*** PROVIDED DATA ***

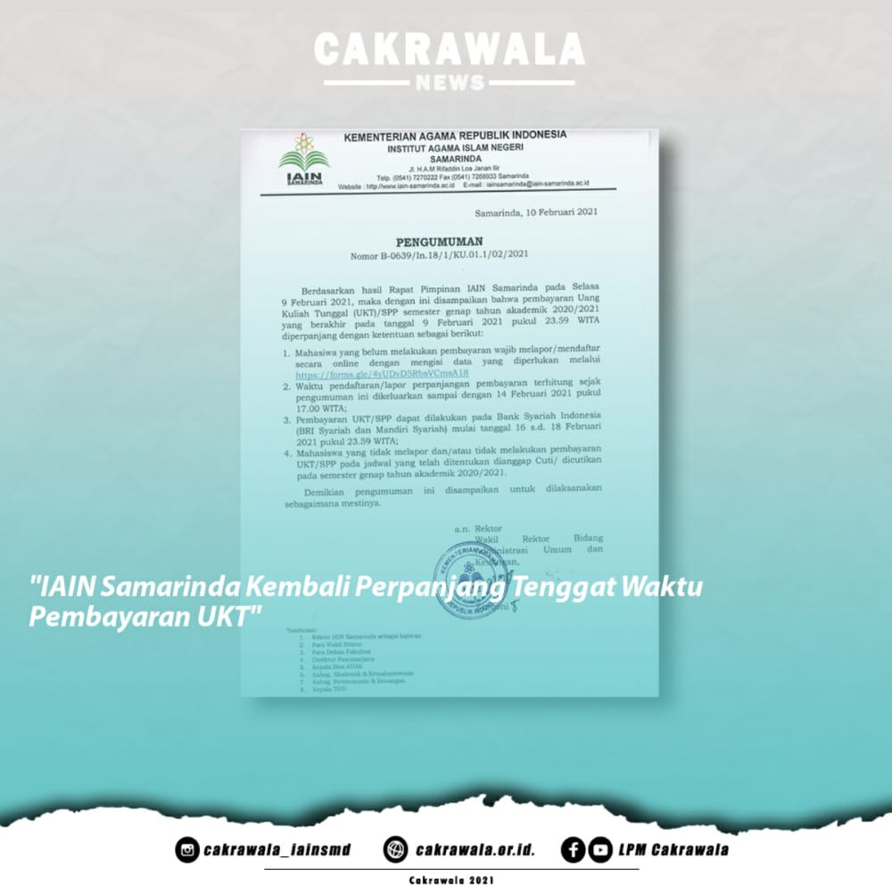 Meninjau dari Surat Edaran Rektor Nomor: B-0639/In.18/1/KU.01.1/02/2021 tentang Perpanjangan Pembayaran UKT/SPP Semester Genap 2020/2021. Dalam surat edaran tersebut tertera hasil Rapat Pimpinan IAIN Samarinda pada Selasa (9/2), disebutkan bahwa pembayaran UKT/SPP semester genap akan kembali diperpanjang selama tiga hari mulai 16 hingga 18 Februari 2021. Bagi mahasiswa yang belum melakukan pembayaran, wajib melapor atau mendaftar secara online dengan mengisi data sampai dengan tanggal 14 Februari 2021 melalui laman web https://forms.gle/4yUDvD5RbsVCmsA18.
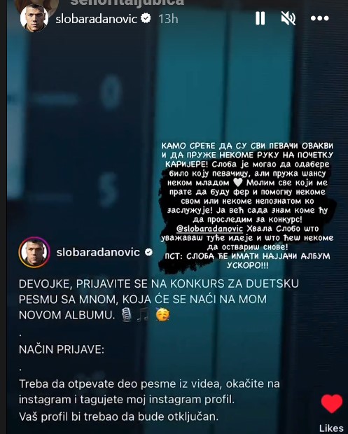 – Devojke, prijavite se na konkurs za duetsku pesmu sa mnom, koja će se naći na mom novom albumu. Način prijave: Treba da otpevate deo pesme iz videa, okačite na instagram i tagujete moj profil. Vaš profil bi trebao da bude otključan – napisao je pevač i tako pozvao sve mlade i neafirmisane, a talentovane devojke.
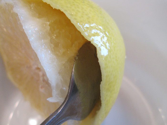 Вычищаем всю мякоть, помогаем ложечкой.
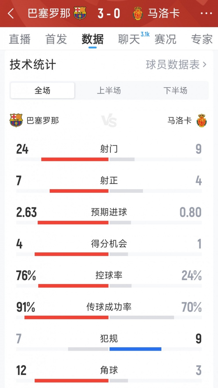 24直播网2月8日讯 在本轮西甲,巴萨3-0大胜马洛卡,以下为双方全场数据对比:
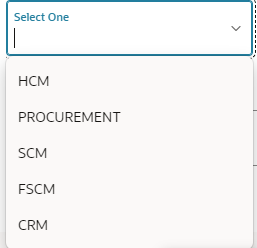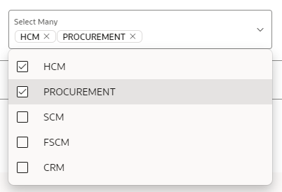 - •Select One page item displays as an item with a list of values icon which supports the selection of one value and search filtering.
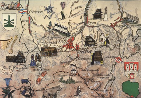Mapa schematyczna Zakopanego i Tatr z zaznaczonymi atrakcjami turystycznymi.
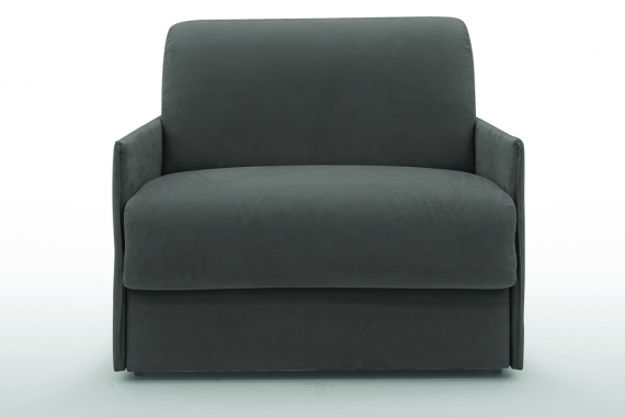 Fauteuil convertible 1 place confort l 119 x P 96 x H 90 cm Matelas classique Accoudoirs l 3,5 cm couchage 1 place 90 x 197 cm tissu suédine coloris gris ombre déplié 119 x 212 cm Collection Paris
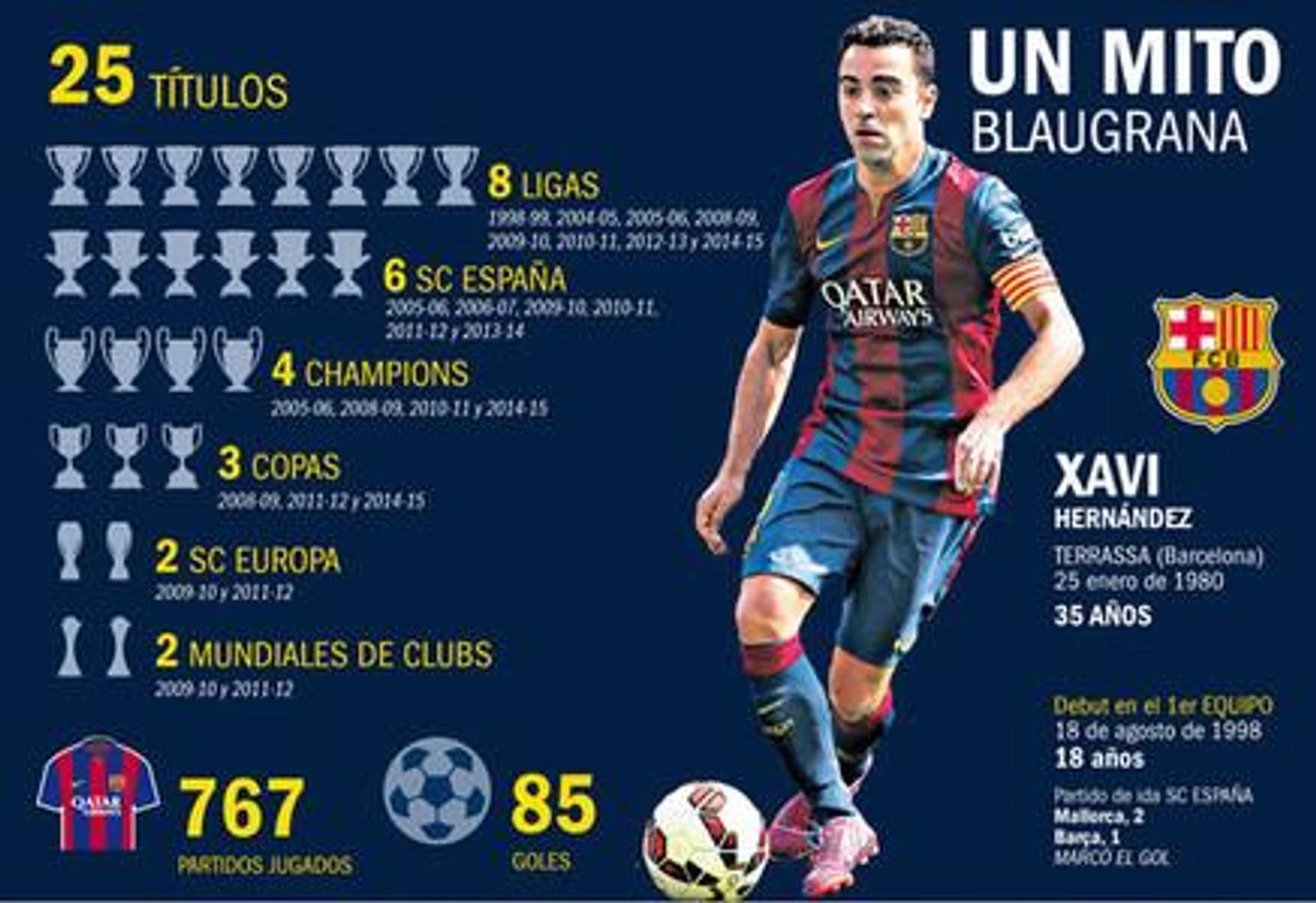 Полузащитник «Барселоны» Хави, приняв участие в финальном матче Лиги чемпионов против «Ювентуса» (3:1), выиграл 25-й трофей в составе каталонского клуба.

*** End of PROVIDED DATA ***

* **ASSIGNMENT**:
Omit the pictures, then print the rest of the listing above exactly.

* **RESPONSE TO THE EXERCISE**:
 Meninjau dari Surat Edaran Rektor Nomor: B-0639/In.18/1/KU.01.1/02/2021 tentang Perpanjangan Pembayaran UKT/SPP Semester Genap 2020/2021. Dalam surat edaran tersebut tertera hasil Rapat Pimpinan IAIN Samarinda pada Selasa (9/2), disebutkan bahwa pembayaran UKT/SPP semester genap akan kembali diperpanjang selama tiga hari mulai 16 hingga 18 Februari 2021. Bagi mahasiswa yang belum melakukan pembayaran, wajib melapor atau mendaftar secara online dengan mengisi data sampai dengan tanggal 14 Februari 2021 melalui laman web https://forms.gle/4yUDvD5RbsVCmsA18.
 – Devojke, prijavite se na konkurs za duetsku pesmu sa mnom, koja će se naći na mom novom albumu. Način prijave: Treba da otpevate deo pesme iz videa, okačite na instagram i tagujete moj profil. Vaš profil bi trebao da bude otključan – napisao je pevač i tako pozvao sve mlade i neafirmisane, a talentovane devojke.
 Вычищаем всю мякоть, помогаем ложечкой.
 24直播网2月8日讯 在本轮西甲,巴萨3-0大胜马洛卡,以下为双方全场数据对比:
 - •Select One page item displays as an item with a list of values icon which supports the selection of one value and search filtering.
Mapa schematyczna Zakopanego i Tatr z zaznaczonymi atrakcjami turystycznymi.
 Fauteuil convertible 1 place confort l 119 x P 96 x H 90 cm Matelas classique Accoudoirs l 3,5 cm couchage 1 place 90 x 197 cm tissu suédine coloris gris ombre déplié 119 x 212 cm Collection Paris
 Полузащитник «Барселоны» Хави, приняв участие в финальном матче Лиги чемпионов против «Ювентуса» (3:1), выиграл 25-й трофей в составе каталонского клуба.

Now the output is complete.